= Beginning of Section =

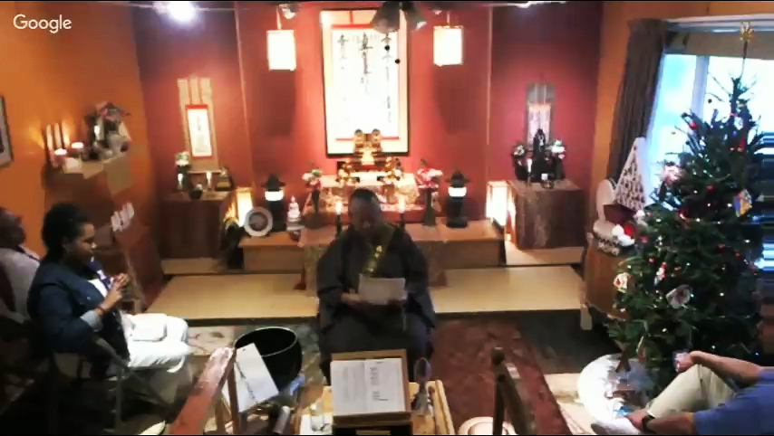 Myokei Caine-Barrett, Resident Priest at Myoken-ji, reads the New Year’s Gosho following service Dec. 27, 2015
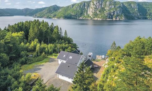 Denne eiendommen har det meste. Stor tomt på nesten 7 mål, egen strandlinje med brygge, flott to etasjers bolig med stor terrasse og utsikt utover fjorden, dobbel garasje med varme i gulv og uthus for hobby og lagerplass.
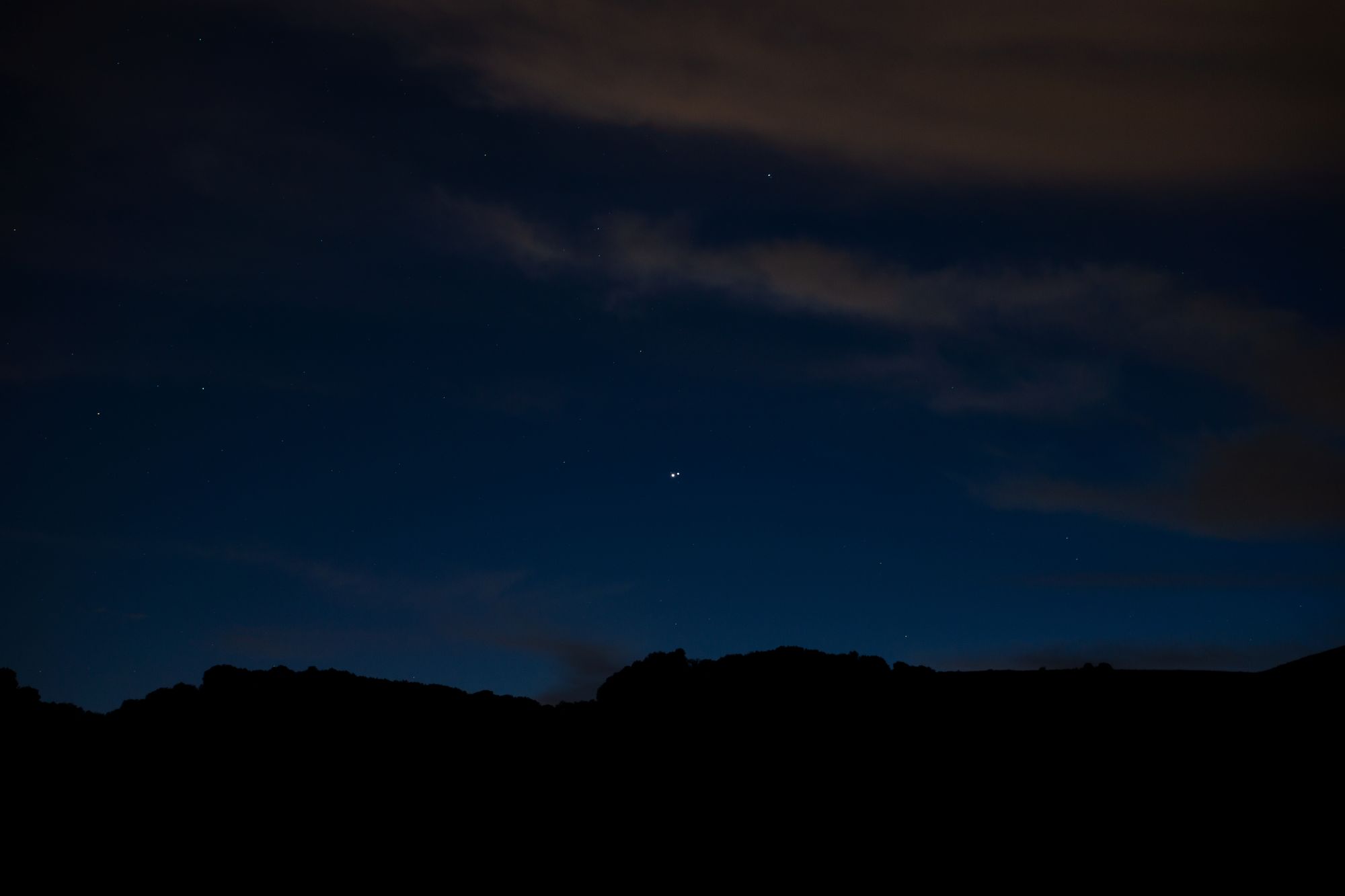I was lucky enough to have a break in fog and a high hill to climb to see the conjunction, and took two photos I was pleased with (out of about 30). The landscape photo was taken at 50mm, and the portrait taken with a 10mm exposure. I took several exposures at 200mm, but was unsatisfied with the results, due to the noise being too high from the ISO.
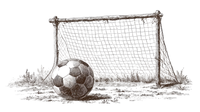 Old soccer ball resting in worn wooden goalpost with grass showing nostalgia retro sports and childhood memories concept on white background
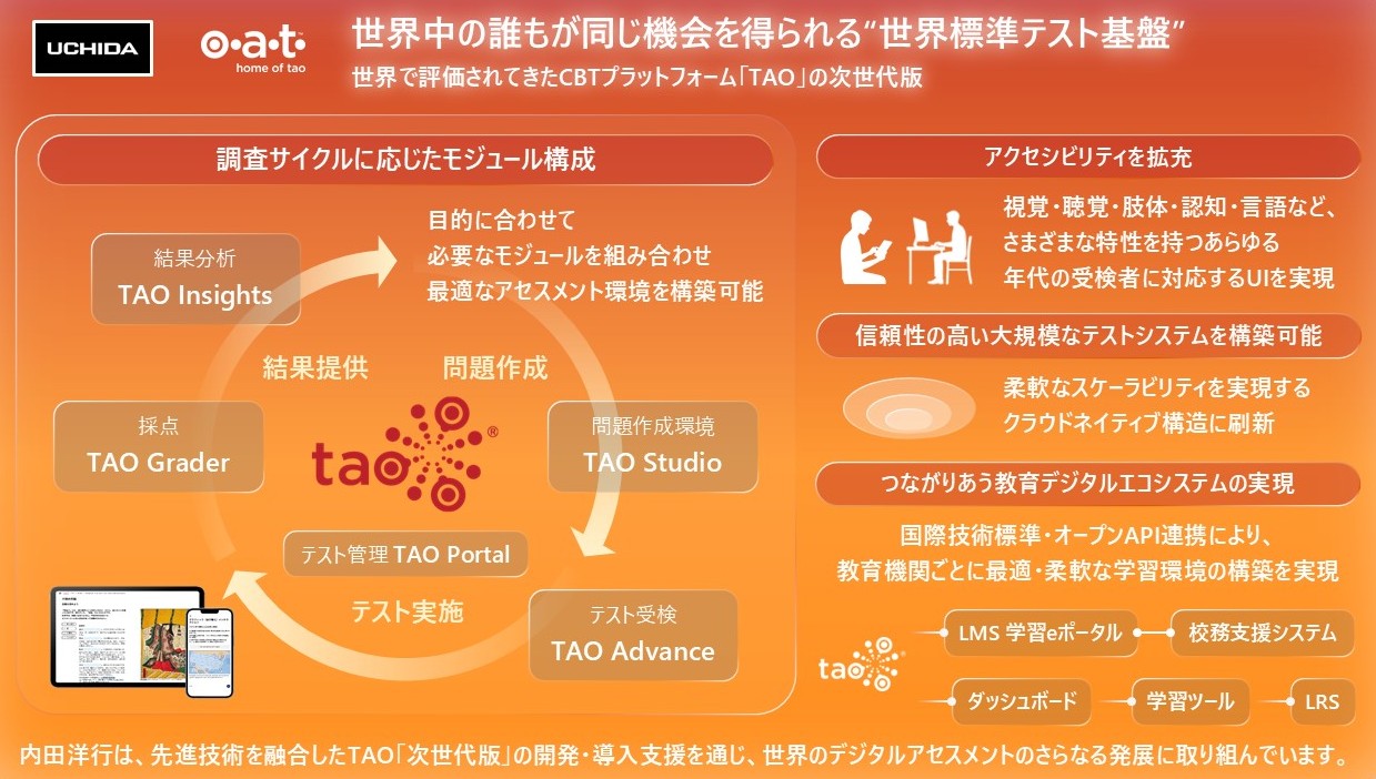 TAOは、ポータルサイトから、テスト、問題作成環境、採点、結果分析などの各モジュールで構成され、利用者に合わせ自由に組み合わせて環境が構築できる。国内では、専用のシステムを構築せずに必要に応じて柔軟に利用できる「TAOエンタープライズ(SaaS=Software as a Service)」を発売した。年間利用で約60万円(税別、テスト回数約2400回)からとなる。
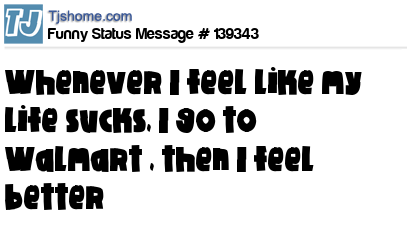 X says Whenever I feel like my life sucks, I go to Walmart , then I feel better

= End of Section =

Work instructions –
Return the material from above in full, exactly as written, with the pictures omitted.

Your response –
 Myokei Caine-Barrett, Resident Priest at Myoken-ji, reads the New Year’s Gosho following service Dec. 27, 2015
 Denne eiendommen har det meste. Stor tomt på nesten 7 mål, egen strandlinje med brygge, flott to etasjers bolig med stor terrasse og utsikt utover fjorden, dobbel garasje med varme i gulv og uthus for hobby og lagerplass.
I was lucky enough to have a break in fog and a high hill to climb to see the conjunction, and took two photos I was pleased with (out of about 30). The landscape photo was taken at 50mm, and the portrait taken with a 10mm exposure. I took several exposures at 200mm, but was unsatisfied with the results, due to the noise being too high from the ISO.
 Old soccer ball resting in worn wooden goalpost with grass showing nostalgia retro sports and childhood memories concept on white background
 TAOは、ポータルサイトから、テスト、問題作成環境、採点、結果分析などの各モジュールで構成され、利用者に合わせ自由に組み合わせて環境が構築できる。国内では、専用のシステムを構築せずに必要に応じて柔軟に利用できる「TAOエンタープライズ(SaaS=Software as a Service)」を発売した。年間利用で約60万円(税別、テスト回数約2400回)からとなる。
 X says Whenever I feel like my life sucks, I go to Walmart , then I feel better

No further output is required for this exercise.